Alors l’octroie de la Nationnalité aux Afro descendants qu’est ce que cela pourrait apporter selon vous?

C’est un sujet que je n’ai  pas creusé pour vous dire la verité. Et même si je l’avais creusé, j’aurai du mal à émettre mon opinion en publique. Mais en vrai qu’on tresse des cordes avec nos frères de la diaspora notamment des Antilles, des Amériques   et caraïbes, moi je privilégie ce pont. Et donc tout engagement de l’Etat qui rentre dans cette dynamique est à saluer.

Alors entre les multiples réformes opérées au plan culturel et les succès individuels de nos artistes à l’international, quel rapport faites vous?

Déjà il faut dire à nos jeunes de faire attention. Entre Opa et Angélique Kidjo la distance est infini.  Ceci dit, il faut souligner que le Bénin est un pays particulier et que nous avons une chance extraordinaire. Nous sommes un pays qui a l particularité d’avoir une culture à quatre dimensions. Les autres États généralement s’arrêtent à trois dimensions. En dehors des patrimoines, des legs et industrie créative qu’on connait aux autres, nous, nous avons en plus de tout ca les cultes et tradition comme lieu d’inspiration. Nos divités nous habitent et nous transportent. Un béninois quand il s’exprime sur un plateau, son ton, son rythme, son souffle, la musicalité de sa voix, tout cela est inimitable. C’est ça qui nous singularise et cela provient de très loin. Et donc pour avoir la carrière d’Angélique  Kidjo il faut se prendre au sérieux. Ainsi l’impact que je souhaite pour les jeunes est qu’ils s’approprient cette chance qu’ils ont, et qui n’est rien d’autre que leur identité, leur culture endogène propre. Ne pas s’enfermer mais d’aller chercher loin en eux même et transcender les difficultés et barrières. Pour mon expérience à moi en tant qu’écrivain dramaturge et metteur en scène, lorsque nous écrivons des pièces de théâtre ou nous allons puiser dans nos récits, mythe, legendes et autres je vous assure que nous tournons pendant des années et parfois même c’est nous qui refusons des dates.Parce que vous avez d’autres contrats et les dates chevauchent.

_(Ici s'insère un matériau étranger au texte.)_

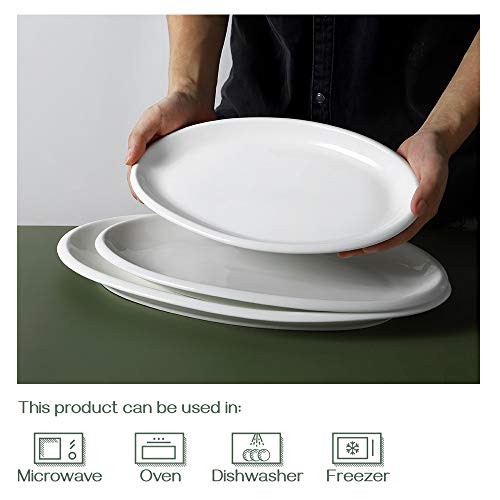 DOWAN Large Serving Platter, 16″/14″/12″ Oval Platters Oven Safe, White Serving Plates for Wedding Decor, Ceramic Serving Dish for Entertaining Food, Set of 3
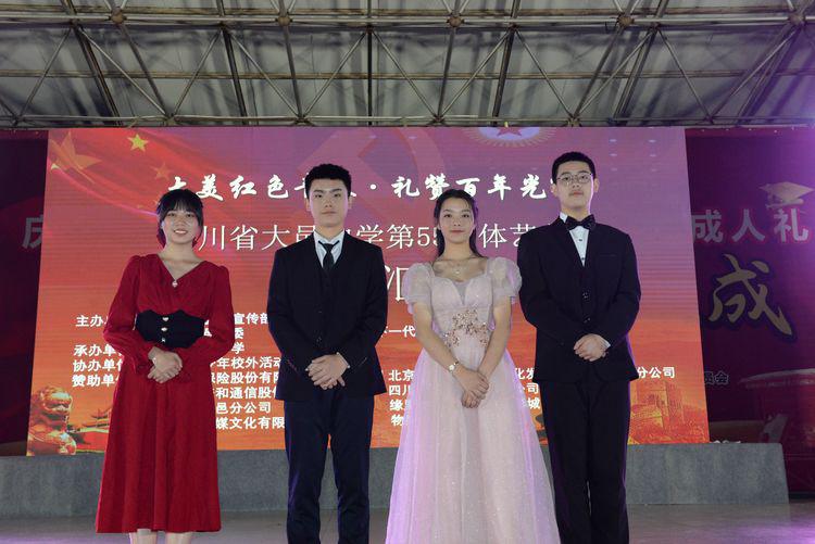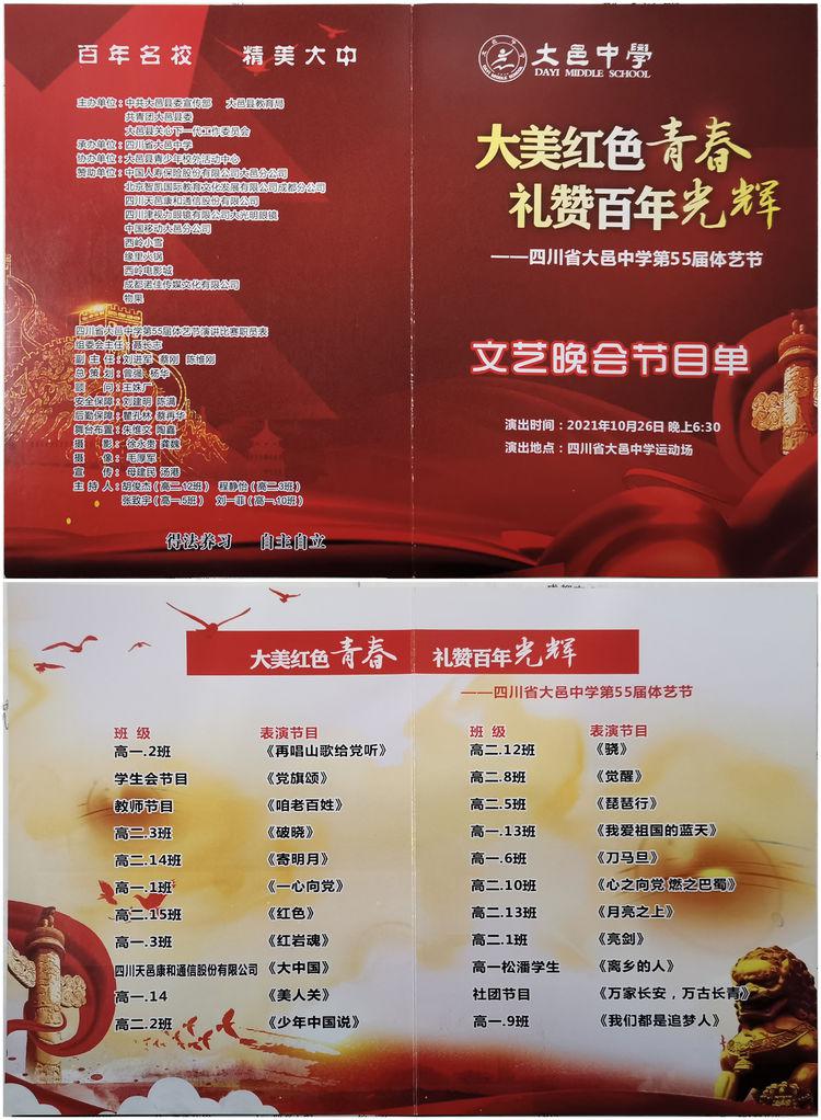 为了全面深入贯彻党的教育方针,落实落细立德树人的根本任务,结合我校三自德育课程“大美慧心”,以美育人,以美化人,大力推行书香校园之美、强健体魄之美、艺术灵动之美,10月26日晚,四川省大邑中学隆重举行了以“大美红色青春 礼赞百年光辉”为主题的第55届体艺节文艺晚会。

Pour revenir donc à la question, quand vous voyez un Chef d’Etat et sont épouse devant le théâtre, dans des vernissages, des galeries d’art, ou lors des multiples manifestation les plus hautes autorités viennent à vous dans des T-Shirt c’est a dire le plus simplement  possible, non seulement ça inspire d’autres vocations, mais ceux qui y sont déjà sont dopés. C’est mieux que de la drogue cette affaire. Pour réussir son art il faut de la foi. C’est d’ailleurs le socle. Mais parfois cette fois a besoin d’être dopée. C’est a dire que la considération et le respect que l’autre vous donnes vous galvanise davantage.  Vous savez je suis très optimiste pour le Bénin. et je vais vous dire pourquoi. Ce qui flambe aujourd’hui et qui nous séduit en termes de succès au plan artistique sur l’échiquier international, ce n’ est que le début. Que ce soit sur le plan de la musique, de la littérature, du théâtre et autres ce n’ est que le début. Si on ne laisse pas tombé ce nouvel élan je peux dire que le succès ne fait que commencer pour ,le Bénin. Parce que les modèles sont là à savoir: Angélique Kidjo avec son étoile, Opa avec le prix découverte RFI, Saara avec The voice, Giovanni Houansou avec le prix découverte théâtre RFI, pour ne citer que ceux la. Le potentiel est là, le vivier est là et nous avons en face de bons  interlocuteurs donc quoi de mieux pour ne pas flamber. Çà a mis du temps mais ça prend progressivement. Et c’est ça ce que je mettais dans la révolution.